Chile is a rural country, where 263 of the 346 communes are rural, representing 83% of the territory. Salinas reinforces this fact during the conversation, and reiterates the importance of working with communities. For this reason, and so that it is not just a discourse, for the last seven years he has been traveling to the Araucanía Region every month. And that is why this year he decided to live in the commune of Cunco. He is a director of 3xi and says he has a deep relationship with the region. They work in almost all of the 32 communes and also in the province of Arauco, where their mechanism for generating trust has been palín, a Mapuche sport that they have practiced for five years.

He has met countless rural entrepreneurs, says Salinas, “who may not be NotCo, Algramo or Karün (he is a good friend of Moller and Kimber), but they are people that we have to make visible.” This year they held a contest called Invisible Innovators, where more than two thousand projects participated, among them, an entrepreneur whose field was full of ash when the Calbuco volcano erupted.
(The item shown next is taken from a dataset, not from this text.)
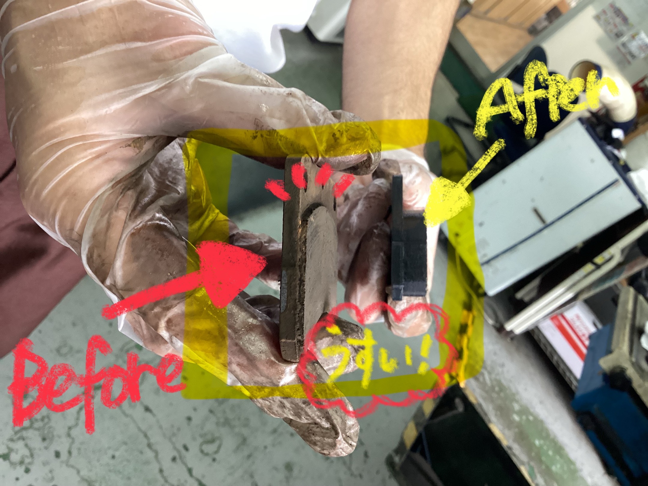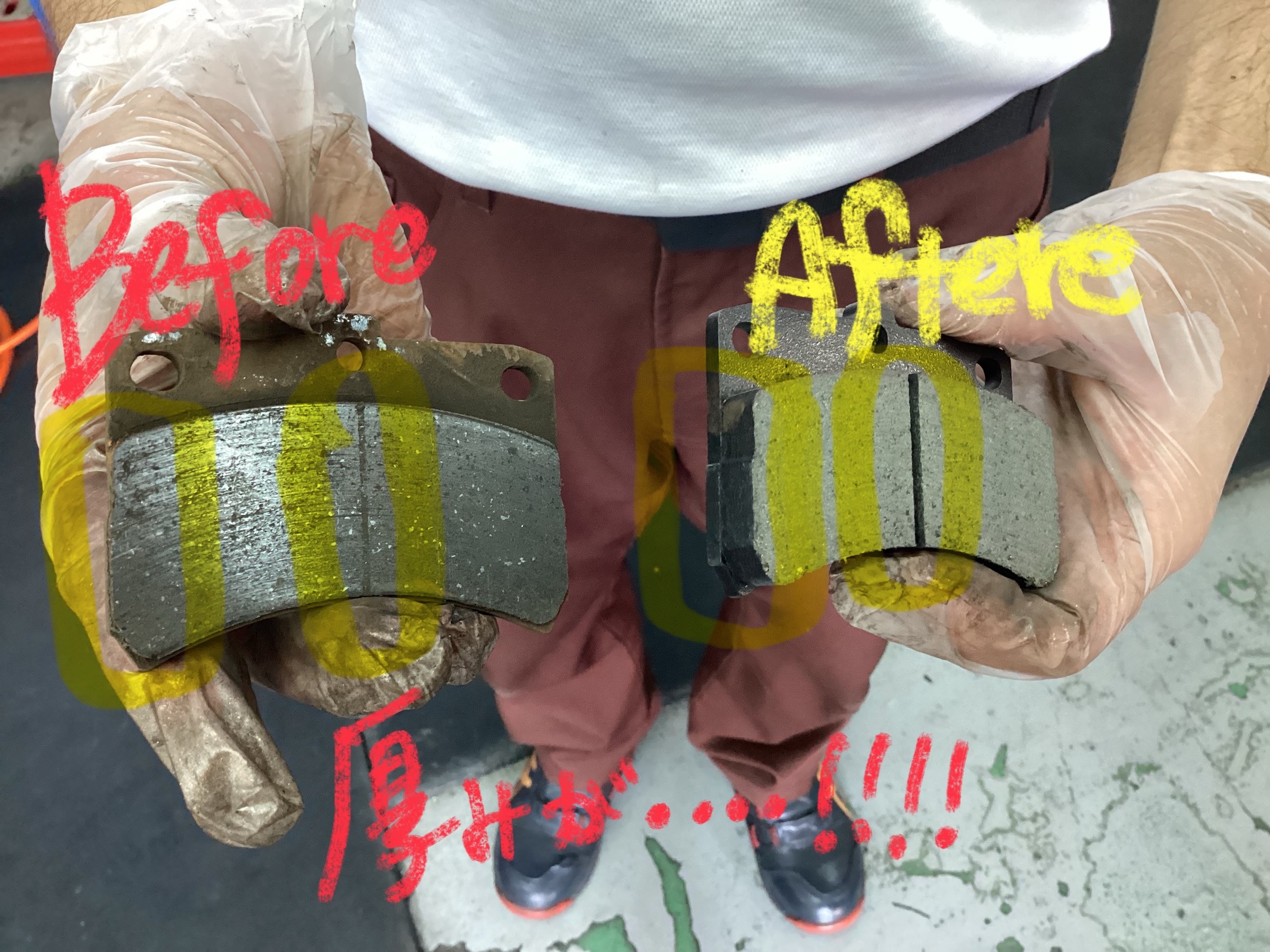 ←左側が交換前のパッド
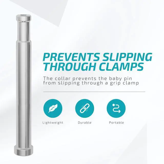Make your lighting setup more versatile and secure with the Flashpoint 6" Baby Pin with Collar. This essential grip equipment features a robust steel construction, ensuring durability and reliability for your most demanding studio or on-location shoots. The baby pin is designed with a precise 6-inch length, providing ample space to accommodate a variety of lighting accessories. The integrated collar at the base of the pin serves a critical function - it prevents the pin from sliding completely through a grip head or clamp, adding an extra layer of safety and stability to your setup.

Faced with this limitation, he created volcanic stone bricks and today he builds barbecue areas with this material.

It was all of these stories, in addition to the work of Salinas and his team, that captivated his recent investors. Above all, its work with the most remote and abandoned communities, as noted by Sandro Solari, who concludes: “It is urgent to support them so that they are the protagonists of their own development. Balloon accompanies them by installing entrepreneurial skills and generating a shared vision of territorial development through effective participation. I am sure that this is the way to reduce the essential gaps in the well-being of the people who inhabit the territories. “I feel proud and committed to this purpose.”